Either way, I’ve made the decision to dedicate myself to the life of a student. I’m killing myself for no reason, and fracturing my focus between far too many disparate goals.
It’s going to be hard to face the facts when I talk to my supervisors on Monday, but this is no way for anyone to live.
I need to own up to my one responsibility now: finishing school. Everything else can wait.
I need to rediscover who I used to be. The girl who craved the company of books, who wasn’t running 24/7. I used to spend every lunch hour in high school just reading, reading, reading. The best company was that of books.
I want to find that girl again, that girl I used to be. There is nothing wrong with being close to people, but people inevitably disappoint and hurt us.
I remember one day, long ago in high school, I ditched the bus and spent all day in a playground reading the final book in the Lord of the Rings trilogy. After I read the last line I closed the book and cried. I cried because I was moved, I cried because I was scared to go to school, I cried because I was awed at what the human mind can produce when motivated.

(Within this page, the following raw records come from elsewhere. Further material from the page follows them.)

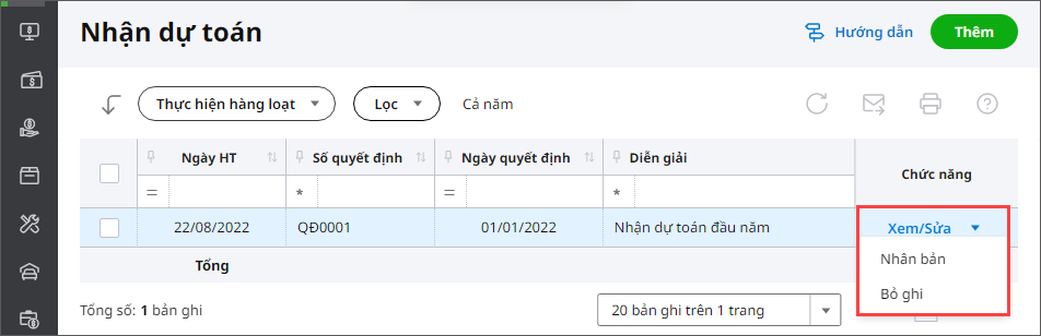 Để thực hiện ghi sổ/bỏ ghi sổ 1 chứng từ, anh/chị nhấn vào dấu mũi tên cạnh chức năng Xem/Sửa tại chứng từ đó, chọn Ghi sổ/Bỏ ghi.
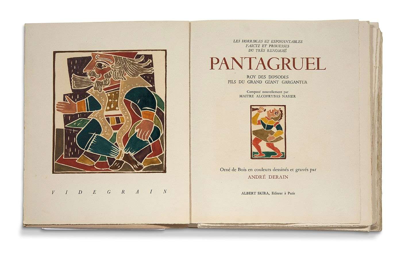 Édition illustrée de 179 bois en couleurs dessinés et gravés par le peintre André Derain (1880-1954) : 21 à pleine page et 122 dans le texte, dont les culs-de-lampe et 34 lettrines.
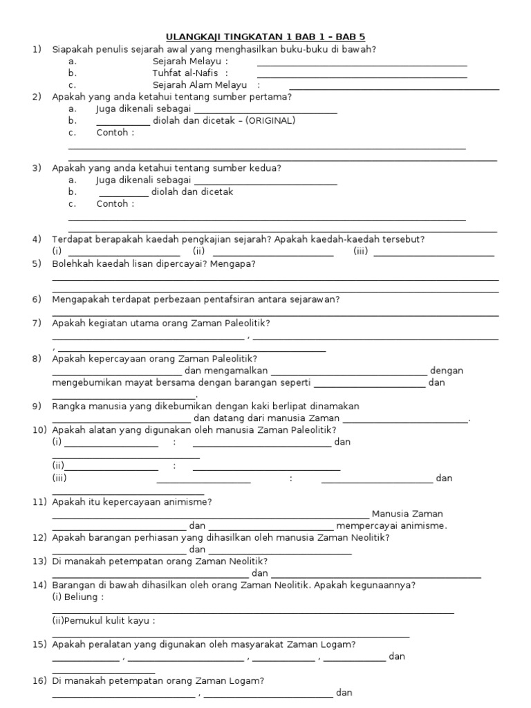 Tingkatan 1 Sejarah Latihan Sumber Pengajaran
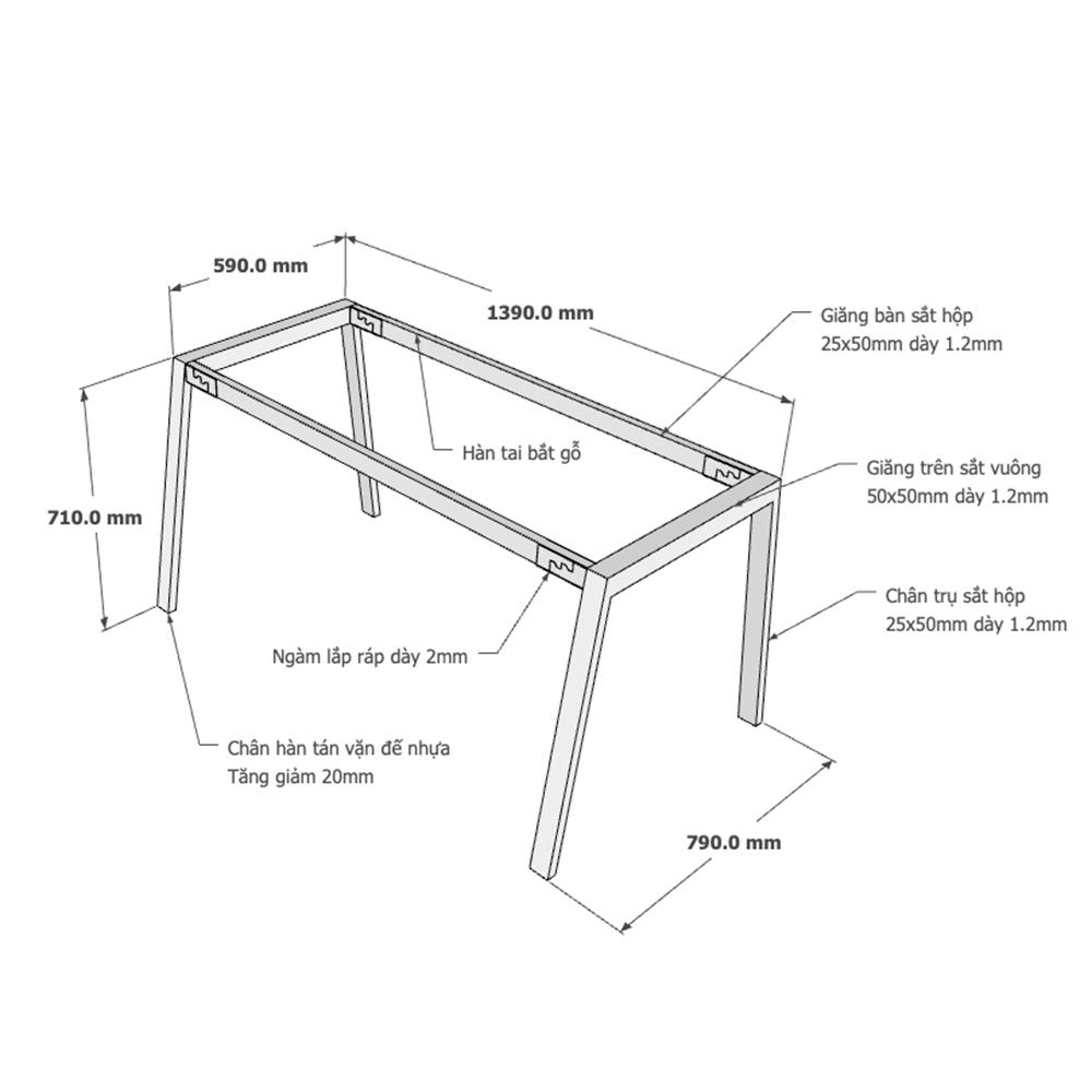 Kích thước chân sắt lắp ráp cho bàn 140x80cm
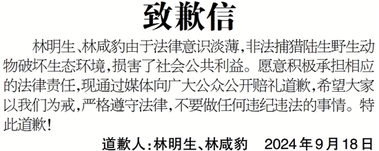 林明生、林咸豹由于法律意识淡薄,非法捕猎陆生野生动物破坏生态环境,损害了社会公共利益。愿意积极承担相应的法律责任,现通过媒体向广大公众公开赔礼道歉,希望大家以我们为戒,严格遵守法律,不要做任何违纪违法的事情。特此道歉!
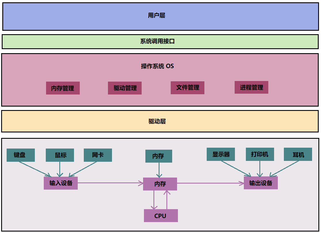 - 操作系统接口分为命令接口 (Shell)和程序接口(系统调用),前者面向普通用户,后者面向程序员;
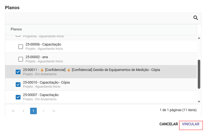 Será exibida uma janela com os programas e projetos que o colaborador possui permissão para visualizar no módulo planos e que ainda não foram concluídos. Selecione aqueles que deseja vincular ao fornecedor.

I need to find that girl again, the one who loved books and not people. The one who cried everyday when she got home because she didn’t think about Allah for one second that day, and curled up with the Quran and read until the pain dulled. The girl who couldn’t sleep until she read the Quran and prayed with all her heart because it was all she had.
I was miserable in high school, but the one thing I knew was that there was only one way out: through the remembrance of God. Nothing else.
When things ameliorated for me and my family, I slowly became cocky and arrogant. I wasn’t alone anymore, I wasn’t miserable anymore. For the first time in my life I was surrounded by other Muslims in college. I slowly lost my connection to seeking solitude, and refuge in the remembrance of God and solace through prayer. My actions migrated from the inward to the outward, because for the first time in my life, my outward life was something I actually looked forward to.
Insha Allah I will find that balance. The balance between my inner spiritual life and my outward life. I can’t cultivate the outside without focusing on the inside.
I know that girl is in here somewhere. I’m gonna find her, insha Allah. She’ll step out into the sunlight, smile, sigh contentedly and murmur, “Well, I’m back.”
Then she’ll pick up a book, curl up, and rediscover the true meaning of solitude.